Simple friction slows down a rolling ball. Active trends experience friction in the form of market gravity. Classic trading wisdom notes that rallies take buyers, but that markets will "fall from their own weight" under the right circumstances. Unfortunately, the dynamics of this well-understood mechanism don't quite match those of Mother Earth. If they did, all markets would fall to zero as soon as buying and selling dried up. The fact that markets retain value suggests that each one has a hidden center of gravity that price development will reach if all participants step aside at the same time. This "central tendency" gently pulls market movement toward a hidden mean during quiet times, but can act with shocking intensity when price action generates strong imbalances during extreme market conditions.

The distance from the current price bar to this elusive value quantifies a level of market inefficiency at each point in time. It also defines most opportunity for the swing trader. Bollinger Bands present a common tool to measure tension on this hidden spring. But other indicators that rely upon deviation from the mean perform an adequate job as well. And don't overlook simple chart patterns. Certain formations can reveal major inefficiency through a simple set of price bars. For example, a Shooting Star candle after a strong rally signals an invisible wall to the observant speculator.

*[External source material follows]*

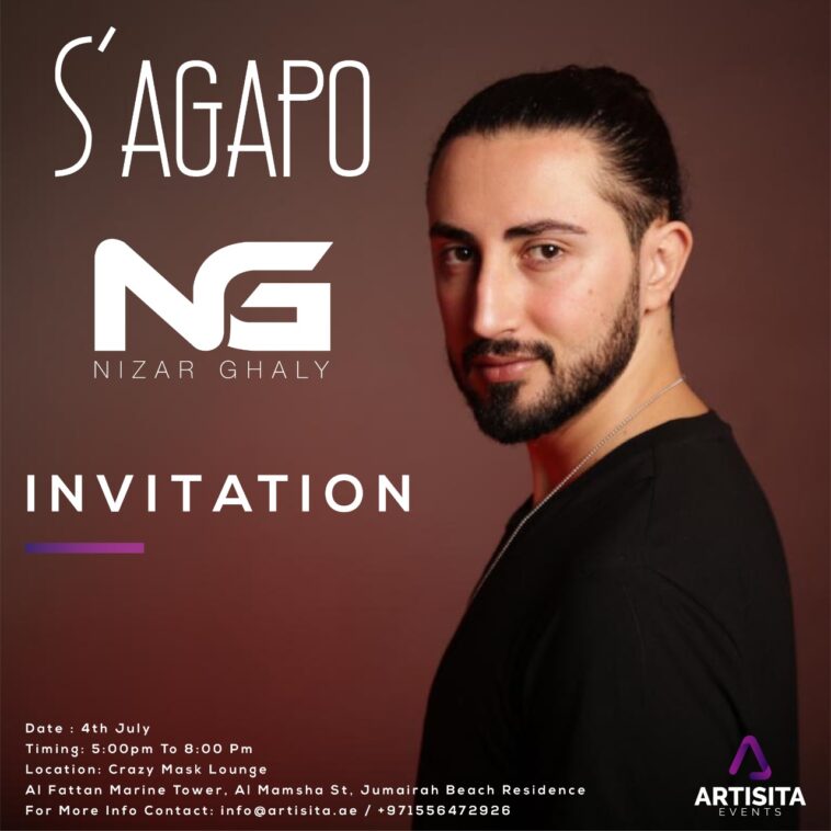 تنظم شركة “ارتيسيتا ايفنتس” بإدارة الفنانة التشكيلية وسيدة الأعمال لمياء منهل، حفل إطلاق أغنية جديدة للفنان نزار غالي بعنوان “SAGAPO”، التي تعني أحبك باللهجة اليونانية.

The Pull of Central Tendency: Combine candlestick patterns and Bollinger Band extremes to uncover hidden friction that will stop or reverse a strong market trend. Note how Immunex pierces the top band on July 19th, but closes back within its boundaries in a tall Shooting Star candle.


2. FOR EVERY ACTION, THERE IS AN EQUAL AND OPPOSITE REACTION

Traders at all levels must deal with the wavelike motion on price charts. These define underlying cycles that strategies must align with, or risk failure. At their core, these waves reflect constant battles between bulls and bears, and the underlying trend-range axis. Price thrusts forward in a surge of participation but then pauses to test prior boundaries and dissipate volatility. Price bars contract, volume drops significantly, and the trend pulls against its primary direction. But just as that market returns to a stable state, the action-reaction cycle suddenly regenerates and volatility surges. Fresh momentum carries the reawakened trend toward a new price level, or reverses it back toward its origins.

But why aren't markets stuck between two horizontal extremes if trend and countertrend act with equal force, and are polar opposites? The answer lies in how active markets dissipate directional force. Every buyer must eventually sell and every short seller must eventually cover. This induces layers of cycles that equalize price action and reaction over time. Swing traders observe this dynamic process in the trend relativity of different length charts for the same trading instrument. In other words, a single market may print a strong rally on the daily chart, a bear market on the 60-minute chart, and sideways congestion on the 5-minute chart, all at the same time. While this phasing process may seem chaotic, it actually reflects the dissipation of underlying action-reaction polarity. This 3-D trend-range axis also carries an added benefit: its alignment generates many of the setups in the swing trader's playbook.

Locate these important opportunities in the convergence of specific action-reaction imbalances through several layers of price activity. This logical analysis also supports the contrary attitude that leads to successful swing trading. For example, while the crowd sees a buying opportunity when price surges on heavy participation, the swing trader sees selling power increasing in that market due to the entrance of a new crowd of buyers. Fortunes are made through this type of counterintuitive logic, generated by recognition of the underlying power in market physics.


Time Frame Divergence: Price action in 3 time frames generates different support-resistance considerations while Qualcomm tries to halt a sharp decline. The daily chart prints a hammer reversal near a 6-month low. The 60-minute chart shows a bearish pullback into an ugly down gap, while the 5-minute chart offers short-term traders excellent profits through a midday bounce near whole number 50.